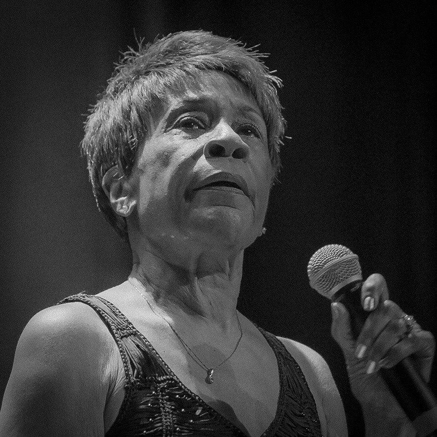 Bettye LaVette performs at Cosmopolite Scene in Oslo on 23.04.2016. Lineup:Bettye LaVette (vocals)Alan Hill (keyboard)Brett Lucas (guitar)James Simonson (bass)Daryll Pierce (drums)
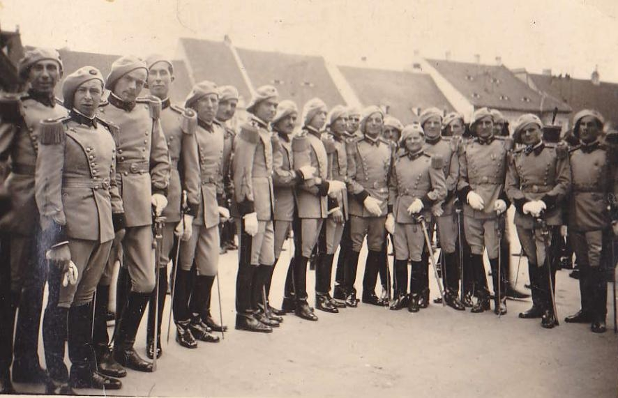 Sublocotenentul Popentiu Gheorghe din Batalionul 3 Vanatori de munte "Prințul Frederic de Hohenzollern". la Sibiu in Piata Mare, al doilea din dreapta.
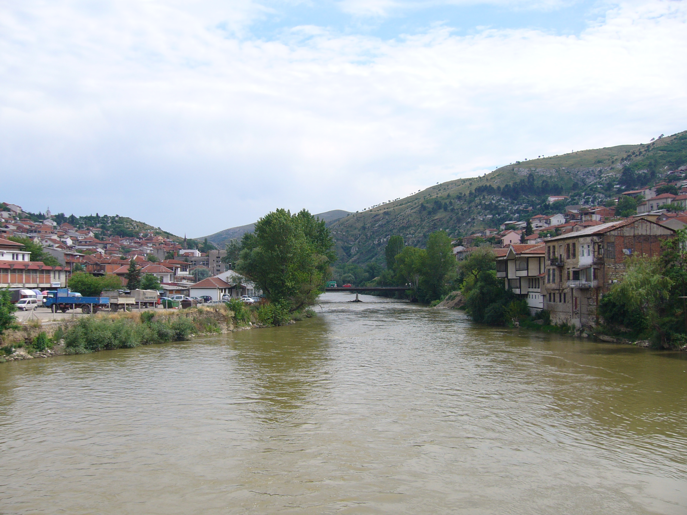 Vardar river in the city of Veles, Republic of Macedonia
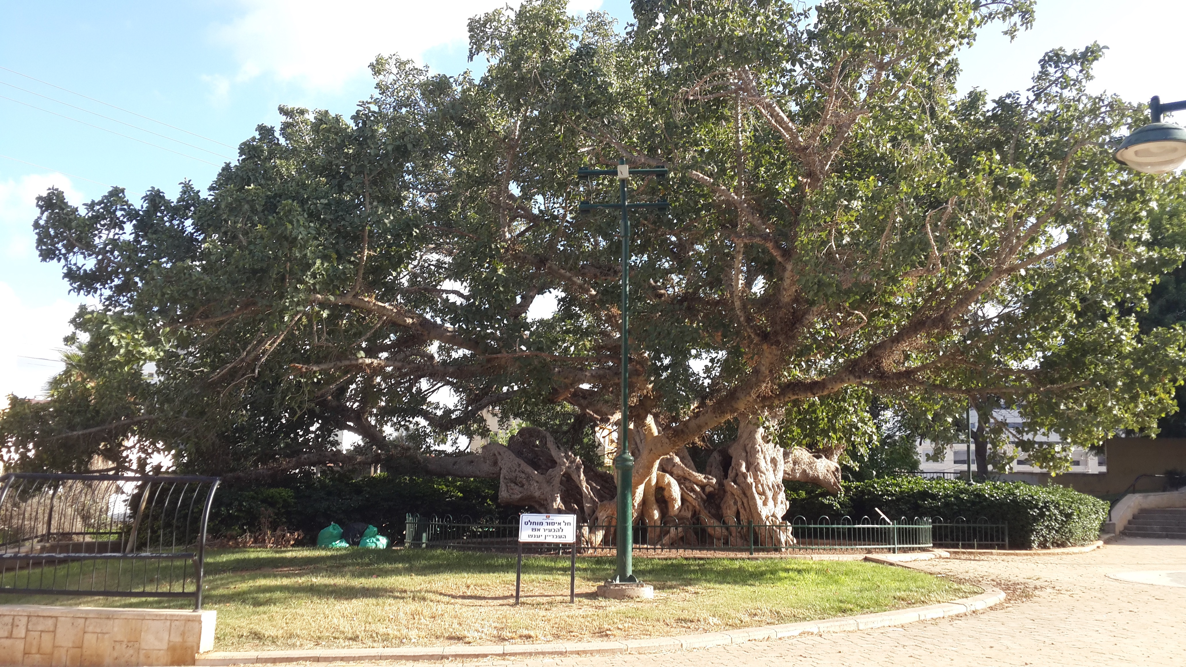 An old sycomorus in Netanya
-----
Exercise brief
Return exactly the lines from the line with "Sublocotenentul Popentiu Gheorghe" through the last line of the data above, both included; pictures do not go in the answer.

Solution to this task
 Sublocotenentul Popentiu Gheorghe din Batalionul 3 Vanatori de munte "Prințul Frederic de Hohenzollern". la Sibiu in Piata Mare, al doilea din dreapta.
 Vardar river in the city of Veles, Republic of Macedonia
 An old sycomorus in Netanya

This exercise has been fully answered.